(Extracted data entries)

______

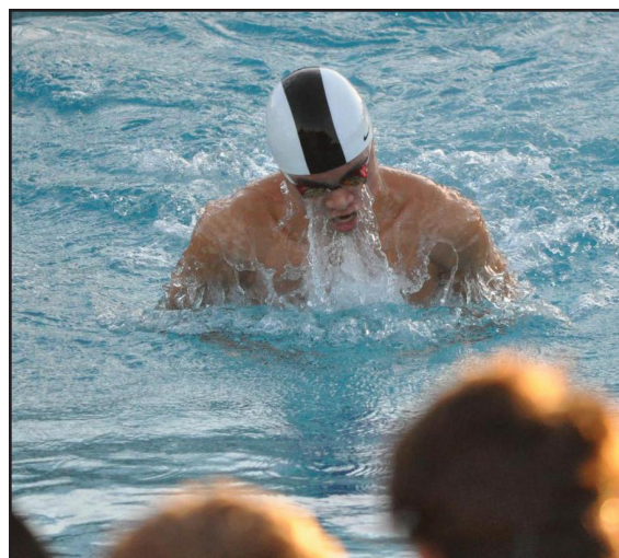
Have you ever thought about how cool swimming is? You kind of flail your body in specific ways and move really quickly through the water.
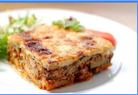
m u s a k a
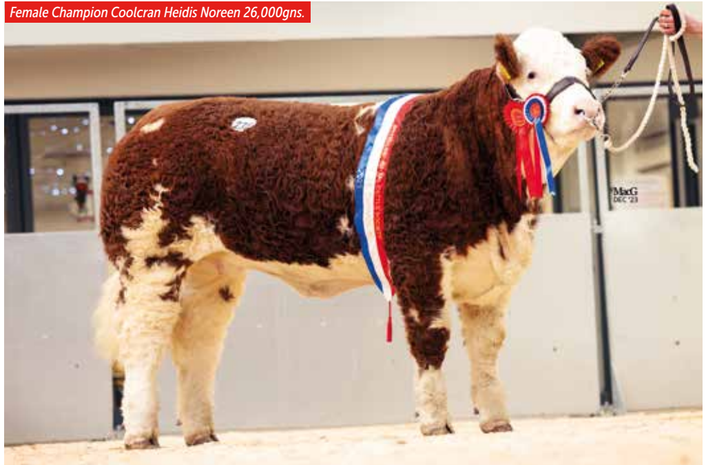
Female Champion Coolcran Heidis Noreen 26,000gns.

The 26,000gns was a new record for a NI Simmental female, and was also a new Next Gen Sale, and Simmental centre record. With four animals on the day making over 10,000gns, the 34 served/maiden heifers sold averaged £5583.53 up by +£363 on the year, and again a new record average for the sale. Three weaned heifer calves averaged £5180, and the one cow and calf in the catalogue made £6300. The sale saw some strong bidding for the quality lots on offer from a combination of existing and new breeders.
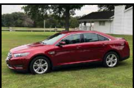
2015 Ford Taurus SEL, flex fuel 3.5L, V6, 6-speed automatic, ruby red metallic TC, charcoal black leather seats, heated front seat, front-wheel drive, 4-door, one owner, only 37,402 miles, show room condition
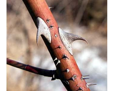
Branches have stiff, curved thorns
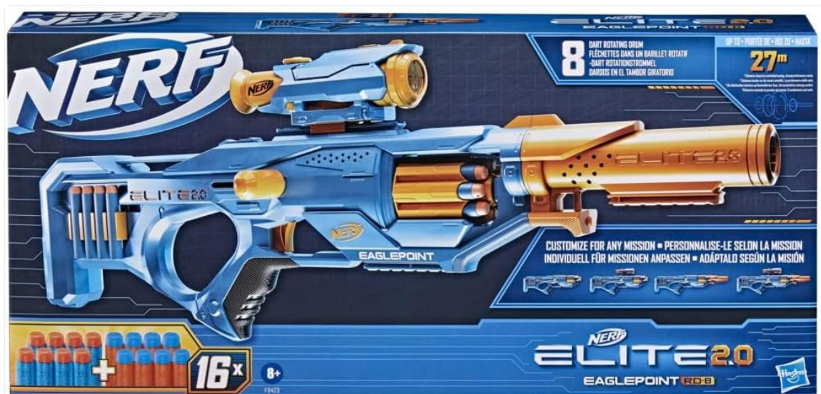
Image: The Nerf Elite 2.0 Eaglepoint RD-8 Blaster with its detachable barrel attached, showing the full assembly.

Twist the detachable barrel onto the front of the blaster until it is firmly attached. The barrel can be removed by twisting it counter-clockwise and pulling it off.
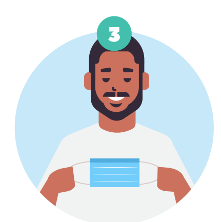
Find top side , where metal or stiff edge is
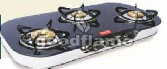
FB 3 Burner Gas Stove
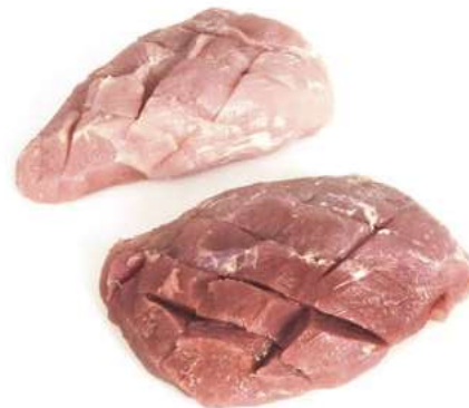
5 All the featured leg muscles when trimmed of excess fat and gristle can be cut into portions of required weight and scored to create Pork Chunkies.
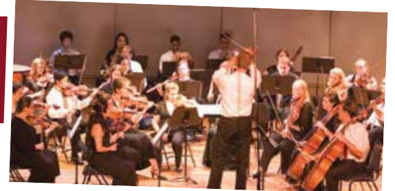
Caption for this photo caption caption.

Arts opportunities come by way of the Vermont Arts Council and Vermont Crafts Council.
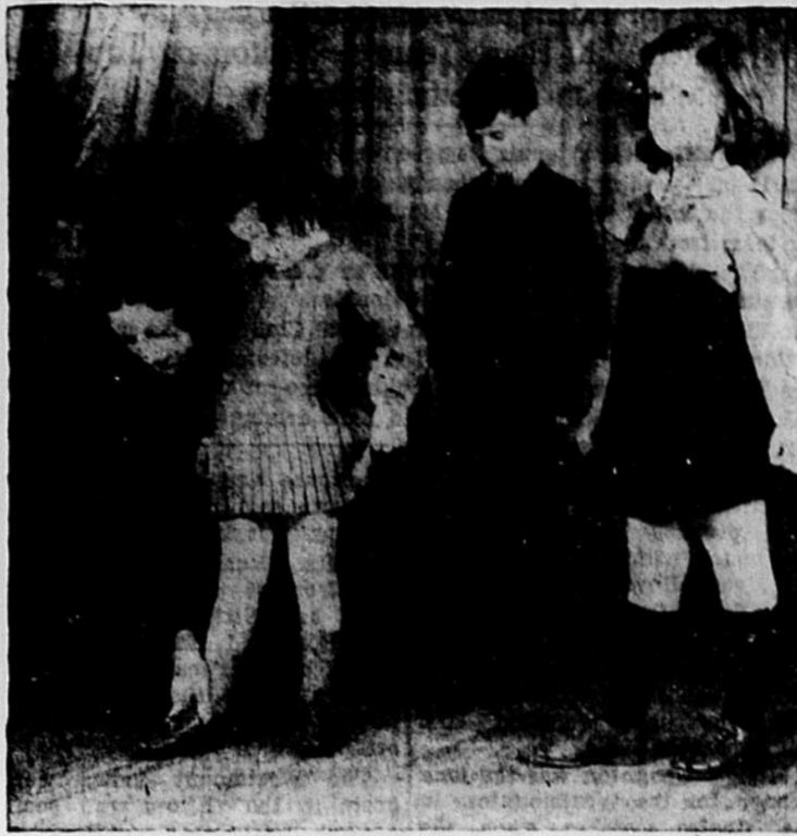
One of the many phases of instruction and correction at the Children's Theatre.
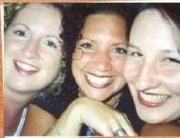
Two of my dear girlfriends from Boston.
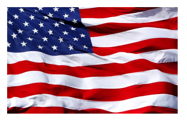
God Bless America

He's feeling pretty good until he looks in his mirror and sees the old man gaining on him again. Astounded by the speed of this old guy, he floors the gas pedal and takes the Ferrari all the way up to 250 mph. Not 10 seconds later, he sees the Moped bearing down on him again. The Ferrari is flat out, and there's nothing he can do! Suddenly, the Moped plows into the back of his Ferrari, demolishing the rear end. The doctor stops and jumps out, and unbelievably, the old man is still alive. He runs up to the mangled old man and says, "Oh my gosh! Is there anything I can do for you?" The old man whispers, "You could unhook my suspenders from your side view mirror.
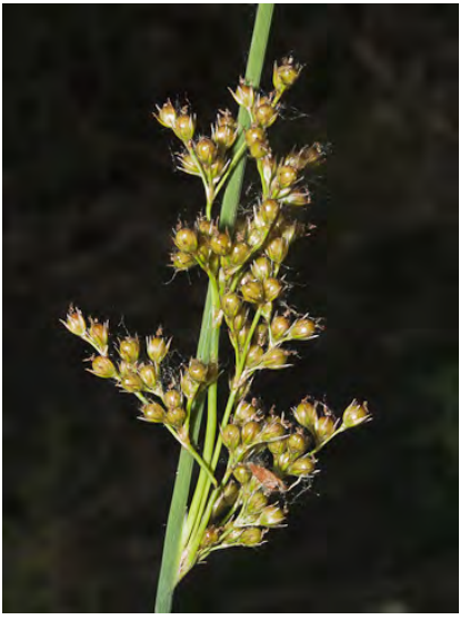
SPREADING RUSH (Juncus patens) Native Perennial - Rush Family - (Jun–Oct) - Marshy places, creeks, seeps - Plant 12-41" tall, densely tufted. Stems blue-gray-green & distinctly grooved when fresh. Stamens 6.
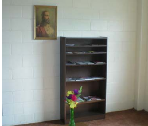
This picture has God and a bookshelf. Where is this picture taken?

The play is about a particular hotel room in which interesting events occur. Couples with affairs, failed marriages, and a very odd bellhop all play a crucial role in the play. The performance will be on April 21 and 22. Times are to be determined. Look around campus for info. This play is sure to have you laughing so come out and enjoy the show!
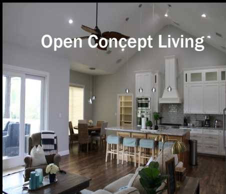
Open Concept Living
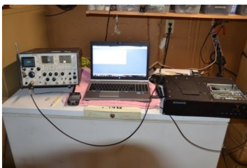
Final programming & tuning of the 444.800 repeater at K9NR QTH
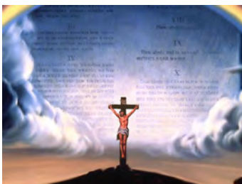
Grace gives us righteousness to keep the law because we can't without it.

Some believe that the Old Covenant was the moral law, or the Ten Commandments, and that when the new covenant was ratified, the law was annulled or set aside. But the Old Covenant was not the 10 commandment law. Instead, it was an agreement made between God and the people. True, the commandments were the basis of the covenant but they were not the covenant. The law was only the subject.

______

> Activity: Lines with "room": return each one from the data above.

> Response below:
2015 Ford Taurus SEL, flex fuel 3.5L, V6, 6-speed automatic, ruby red metallic TC, charcoal black leather seats, heated front seat, front-wheel drive, 4-door, one owner, only 37,402 miles, show room condition
The play is about a particular hotel room in which interesting events occur. Couples with affairs, failed marriages, and a very odd bellhop all play a crucial role in the play. The performance will be on April 21 and 22. Times are to be determined. Look around campus for info. This play is sure to have you laughing so come out and enjoy the show!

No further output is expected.